I try to implement a customized optimizer that performs step-length search.
It requires computing, $\phi(a) = net(w + a * p)$ and $d_{\phi}/d_a$,
where
- $a$ is the step-length,
- $w$ is the weight vector,
- $p$ is the step-direction vector,
- net is the neural network function that output a scalar loss value, $L$
I can compute $d_{\phi}/d_a$, which is equivalent to $d_L/d_a$, for simple net below.
The question is:
For a net constructed using nn.module,
- how to compute the gradient of loss wrt step-length?
- how to update the net parameter so that we can compute the gradient of the loss wrt to step-length?
#!/usr/bin/env python3
import torch
torch.manual_seed(12345)
N, D_in, H, D_out = 10, 2, 5, 1
x = torch.randn(N, D_in)
y = torch.randn(N, D_out)
w1 = torch.randn(D_in, H, requires_grad=True)
w2 = torch.randn(H, D_out, requires_grad=True)
p1 = torch.randn(D_in, H, requires_grad=True)
p2 = torch.randn(H, D_out, requires_grad=True)
a = torch.randn(1, requires_grad=True)
w1 = torch.randn(D_in, H, requires_grad=True)
w2 = torch.randn(H, D_out, requires_grad=True)
w1 = w1 + a * p1
w2 = w2 + a * p2
h = x.mm(w1)
h_relu = h.clamp(min=0)
y_pred = h_relu.mm(w2)
loss = (y_pred - y).pow(2).mean()
# Compute ga: grad of loss wrt a
ga, = torch.autograd.grad(loss, a, create_graph=True)
print(ga)
# Net using nn.module #####
class Net(torch.nn.Module):
def __init__(self, D_in, H, D_out):
super(Net, self).__init__()
self.hidden = torch.nn.Linear(D_in, H)
self.output = torch.nn.Linear(H, D_out)
def forward(self, x):
y = torch.nn.functional.relu( self.hidden(x) )
y = self.output(y)
return y
net = Net(2, 5, 1)
loss_fn = torch.nn.MSELoss()
p1 = torch.transpose(p1, 0, 1)
p2 = torch.transpose(p2, 0, 1)
for name, p in net.named_parameters():
# Got RuntimeError: a leaf Variable that requires grad has been used in an in-place operation.

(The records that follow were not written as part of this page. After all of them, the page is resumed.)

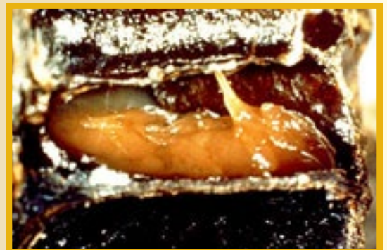
AFB infected brood may exhibit a syndrome called ‘pupal tongue’ where the tongue protrudes to the top of the cell.
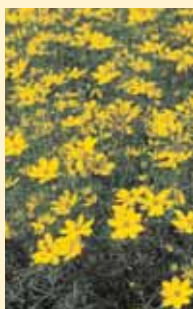
Coreopsis verticillata 'Old Timer' AGM (H4) 2001

Flowers early July to late September. Plant 50cm high, 90cm wide; erect habit with stiff, airy, well branched flowering stems. Leaves opposite, sessile, palmately divided into filiform segments, 5cm long and 6cm wide. Flower heads 4cm diameter, single, held in loose inflorescence; disc 0.8cm diameter, 0.3cm high, golden; ligules 8, 1.8-2 × 0.8cm, separate, very pale yellow (4B), tips rounded.
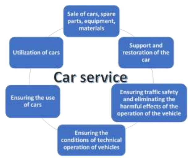
Figure 3 Car service as a road transport infrastructure
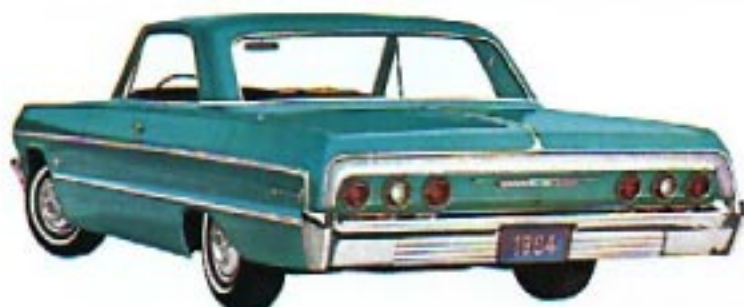
IMPALA SPORT COUPE IN LAGOON AQUA
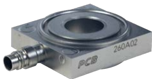
TRIAxIAL ICP® FORCE SENSOR MODEL 260A01 & 260A02

ICP® force sensors incorporate a built-in MOSFET microelectronic amplifier. This serves to convert the high impedance charge output into a low impedance voltage signal for analysis or recording. Quartz, piezoelectric force rings from PCB® output a high integrity signal under compressive force in cyclical loading applications. Force rings possess extreme stiffness and accuracy, making them ideal for measuring microsecond duration events common to metal forming equipment (crimp, bend, stake, or stamp), drop test, and product testing applications.
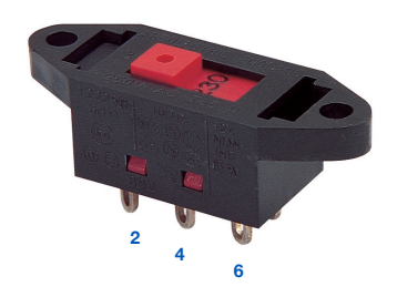
115/230 is preferred
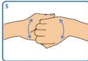
5 Rub back of fingers to opposing palms with fingers interlocked
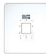
F03389 UNIVERSAL FRAME LARGE
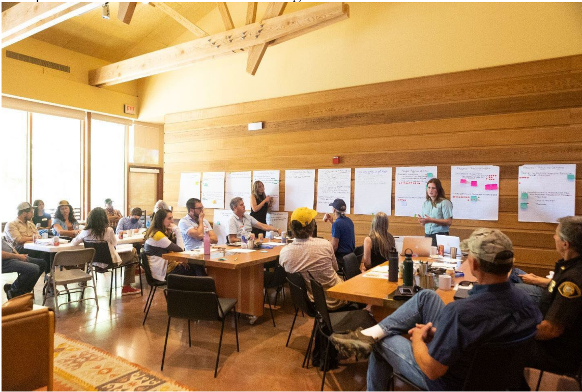
Figure 1 Stakeholder Engagement in 2022
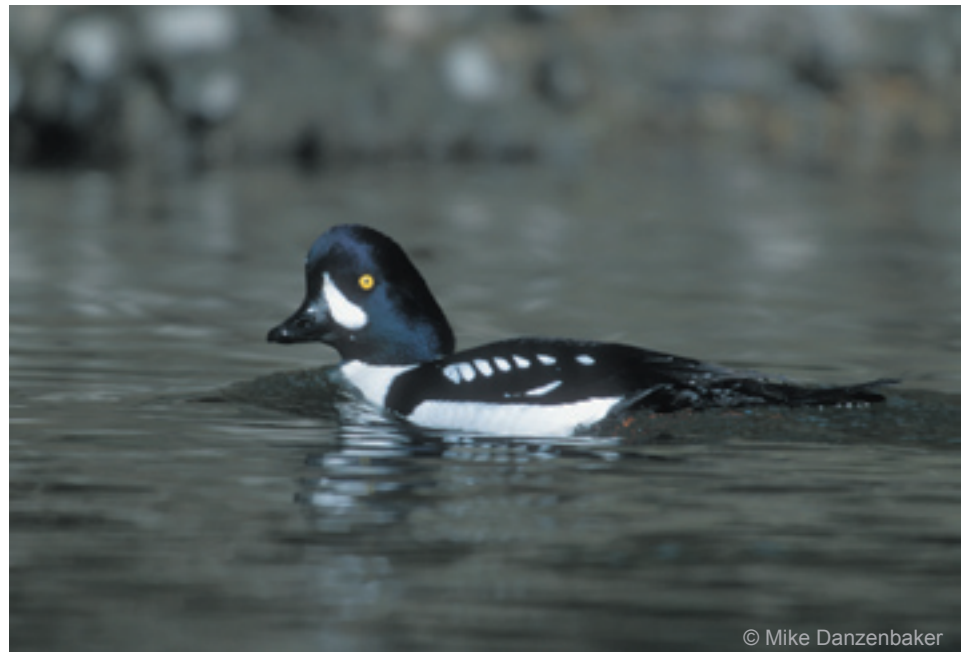
Male Barrow's Goldeneye

The breeding range of Barrow's goldeneyes is generally restricted to areas west of the Rocky Mountains from Montana to Alaska, and to a core breeding area in the east on the high plateau along the north shore of the St. Lawrence estuary and gulf. There is no evidence of exchange between the eastern and western populations.
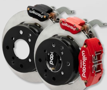
Precision Plain Face Rotors - Rear with Park Brake
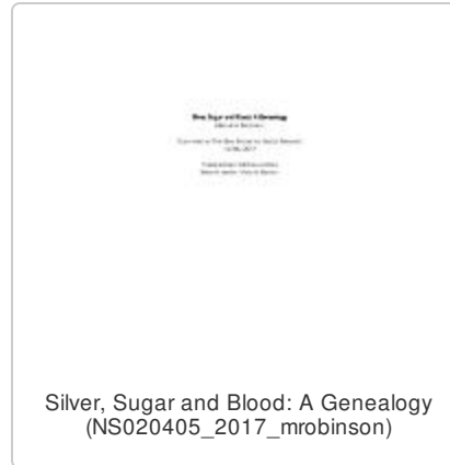
Silver, Sugar and Blood: A Genealogy (NS020405_2017_mrobinson)
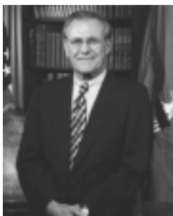
Secretary of Defense Donald H. Rumsfeld
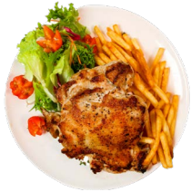
Pan Grilled Chicken Chop $9.90

Pan grilled chicken chop with Meslun salad, French fries and Black pepper sauce.
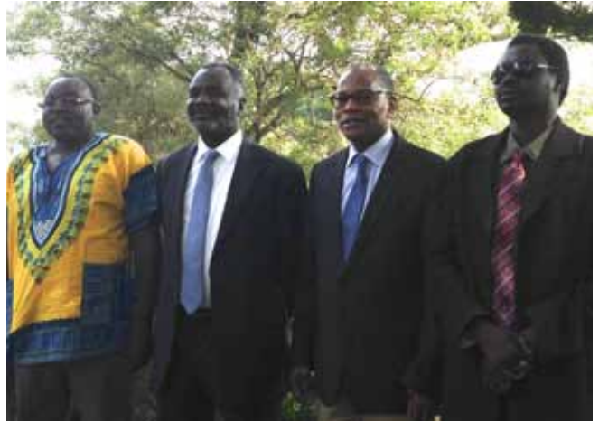
On 10 February 2014 in Kampala, Uganda, Dr. Mohamed Ibn Chambas meets with the leadership of the Darfuri non-signatory movements during a three-day visit to the country.

"We are ready to continue engaging with all the non-signatory movements to bring them on board the peace process and find a durable solution for the Darfur conflict," he said. "The only way forward is through dialogue, not violence."
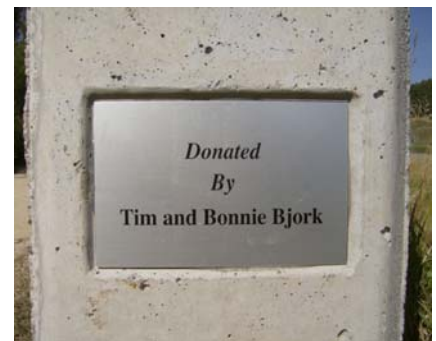
A Milepost plaque

Send coupon below to: Milepost Markers, Black Hills Trail Office GFP, 11361 Nevada Gulch Rd, Lead, SD 57754
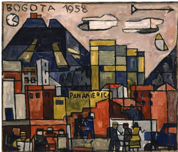
Bogotá, 1958. Oil on canvas, 25 x 29½ in.
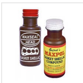
Gasket Shellac Compound
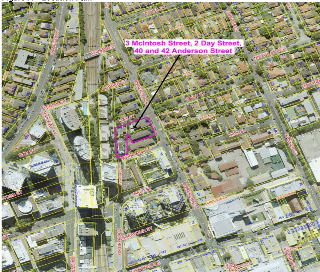
Figure A – Location Plan

The site is located approximately 350m from the Chatswood Railway Station and Transport Interchange and within the expanded Chatswood CBD boundary identified in the CBD Strategy.
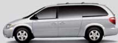
BRIGHT SILVER METALLIC
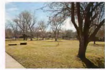
1324? E SOUTH TEMPLE
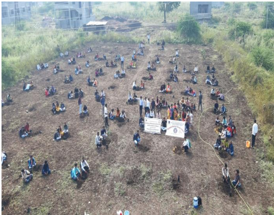
Participation of NSS Volunteers and students in Tree Plantation Drive
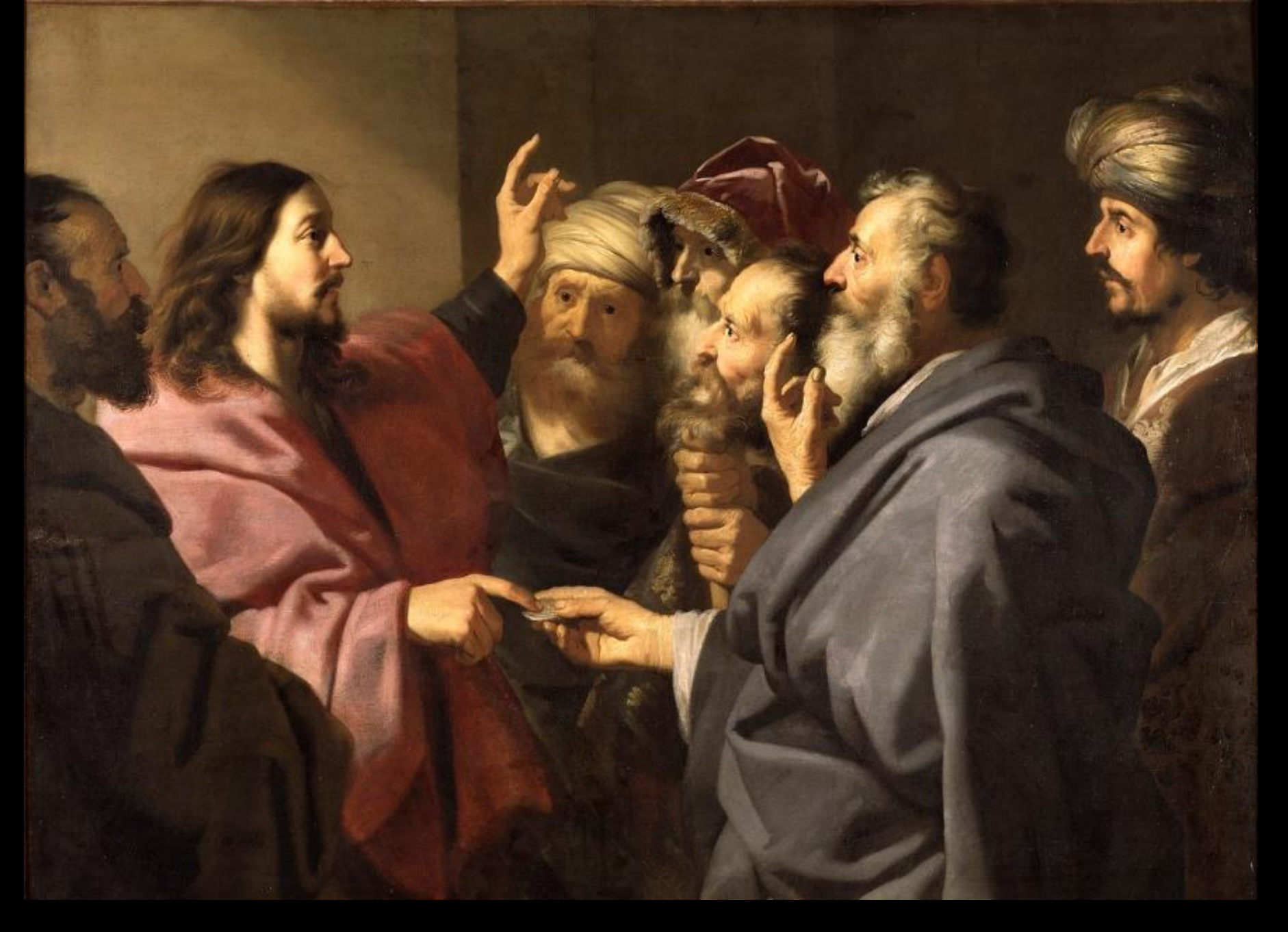
The Tribute Money -- Jacob Backer, National Museum, Stockholm, Sweden
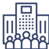
Government & Commercial
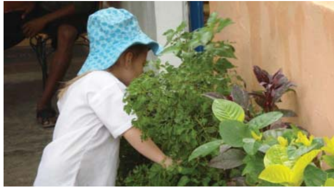
Chae's looking for hidden creatures.
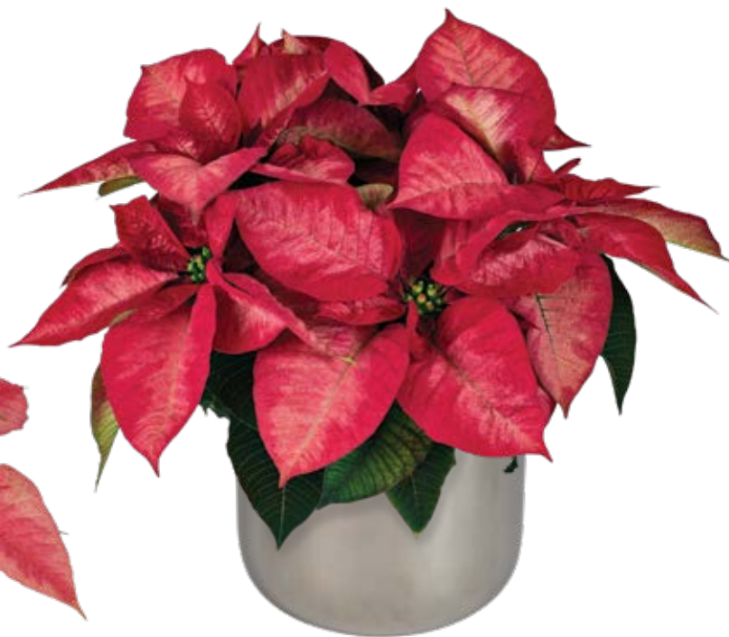
Tidings Dark Pink 11049 | 8 WEEKS
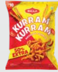
KURRAM KURRAM NAUGHTY TOMATO
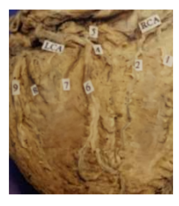
Fig.-4: Posterior Interventricular artery arose from both right (No 2) and left (No 6) coronary artery casing balanced dominance.
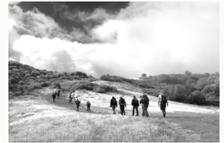
A provisional O-1 hike at Satwiwa
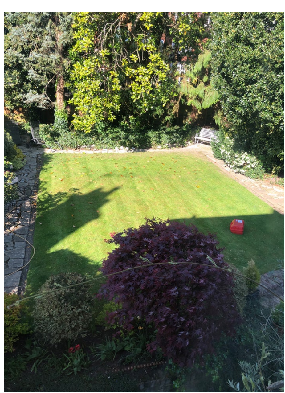
02 - View from the building to the rear garden

# if name == 'hidden.weight':
# p.add_(a * p1)
# elif name == 'output.weight':
# p.add_(a * p2)
# else:
# pass
# RuntimeError: One of the differentiated Tensors appears to not have been used in the graph. Set allow_unused=True if this is the desired behavio
# if name == 'hidden.weight':
# p = p + (a * p1)
# elif name == 'output.weight':
# p = p + (a * p2)
# else:
# pass
# TODO: how to update the weight so that we can compute the gradient of loss wrt step-length a?
pass
y_pred = net(x)
loss = loss_fn(y_pred, y)
print(loss.item())
# TODO: Compute ga: grad of loss wrt a
# ga, = torch.autograd.grad(loss, a, create_graph=True)
# print(ga)